Reach for the Top (also known simply as Reach) is a Canadian academic quiz competition for high school students. In the past, it has also been a game show nationally broadcast on the CBC. Matches are currently aired online through Reach for the Top's official YouTube channel. Teams qualify for national rounds through several stages of non-televised tournaments held at high schools throughout Canada during the year which are known as Schoolreach.

History

The televised Reach for the Top series was first shown on CBC Television affiliate CBUT in Vancouver, British Columbia in 1961. It was based on the BBC programme Top of the Form. In that first year, a team from three high schools in Burnaby, British ColumbiaFred Affleck, Robert French, Lynne Mader and Marilyn defeated every other team and took all the prizes. The first national Reach for the Top tournament took place in 1965, and was won by Vincent Massey Collegiate Institute from Etobicoke, Ontario. The series was filmed at locations across Canada with the national championships held in Montreal, Quebec. In 1968 joint effort by CBC and BBC led to the short-lived Trans-World Top Team in which teams from the United Kingdom played teams from Canada.

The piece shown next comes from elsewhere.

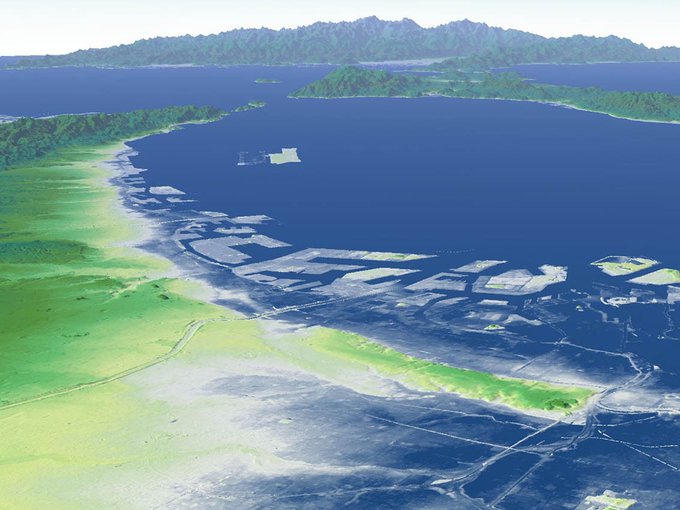 『ブラタモリ・伊豆大島編』かつての火口が地震によって海とつながった伊豆大島南端の波浮港。天然の良港で、近くには浅瀬の漁場があり、多数の風待ちの漁船で賑わった。カシミール3Dスーパー地形セット、GEBCO海底地形データ使用。#ブラタモリ

Alex Trebek hosted the Toronto version for several years, and was succeeded by Jan Tennant in 1973. In Vancouver, the show was hosted by Terry Garner (1961–1982). For many years the Edmonton host was Colin MacLean. In Windsor, the show was hosts were Don Daly and Marty Adler. In London, the show was hosted by Mark Lade, with judge Steve Officer. In Montreal, the show was hosted by Bob Cadman and by Marc Coté. Shelagh Rogers, later a host for CBC Radio, was a contestant on the original broadcasts of the show. Bill Guest (Winnipeg) hosted the National Finals on CBC from 1969 to 1985.

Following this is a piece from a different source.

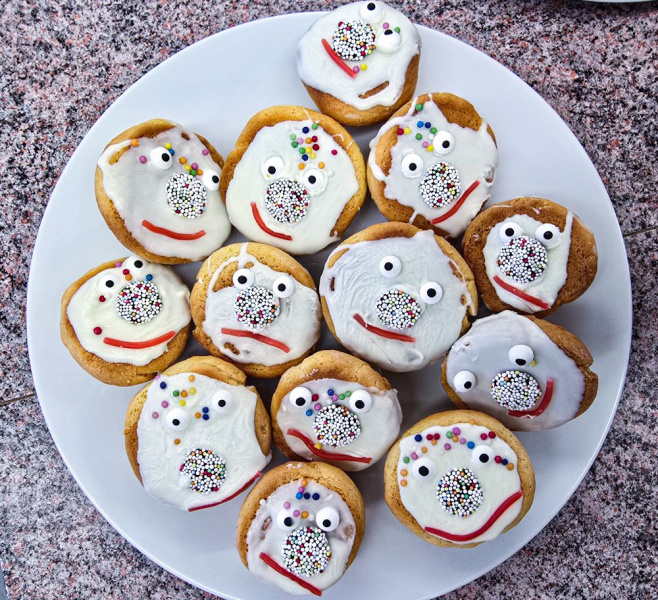 Das süße Gebäck, wie „Clown-Amerikaner“ und ein kunterbunt verzierter Schokokuchen rundeten das Faschingsbuffet perfekt ab.

The CBC stopped airing Reach for the Top in 1985, but it continues to be shown under the aegis of Reach for the Top Inc. CFPL-TV, the former CBC affiliate station in London, continued to air local competitions for several years, and hosted the provincial and national competitions. From 2000-2008, the national finals were aired by CLT (now OWN: the Oprah Winfrey Network), hosted by Graham Neil of CFRN-TV in Edmonton. In 2009, the national finals were not aired except for the final game, which was filmed in the TVOntario studio. It is unknown whether or not TVO will air the 2010 national finals in its entirety. Until 2009, games at the provincial level were broadcast on stations unique to their respective provinces, among them Ontario on TVO with Nicole Stamp of TVOKids (and produced and directed by Sidney M. Cohen), British Columbia with Tamara Stanners on Knowledge, and Alberta with Graham Neil on Access. However, only Ontario provincial level games are now aired (by TVO).

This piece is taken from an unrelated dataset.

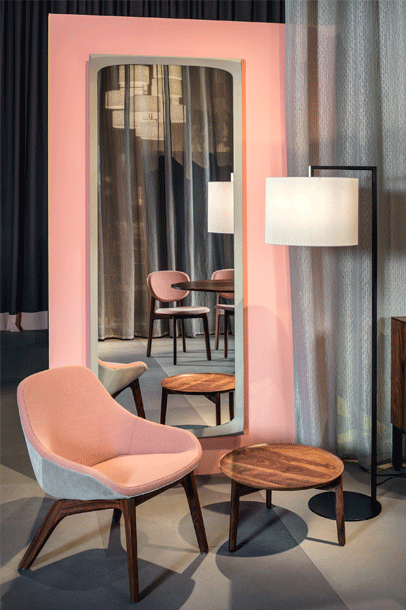 The three-dimensional deformation of its frame turns the BONNY mirror into a true jewel on the wall. The flowing transitions between the profiles combine into a clever interplay of arches and edges to offer the viewer a visually stunning spectacle. The soft movement lends the material an appearance as if it was gently sliding from the wall.

In 1985, Reach for the Top Inc., a private company, was established by Sandy Stewart, on agreement with the CBC. Mr. Stewart then joined with his wife, Patricia Stewart, in partnership with Robert Jeffrey and Paul Russell of Paulus Productions Inc. to create Schoolreach, an in-school version of Reach for the Top available across Canada by subscription. Schoolreach is organized among the different school boards in Canada, and monthly tournaments are played, culminating in a district final each spring. The winner in each district participates in the provincial finals (which are televised in Ontario), and the provincial winner competes in the national championship.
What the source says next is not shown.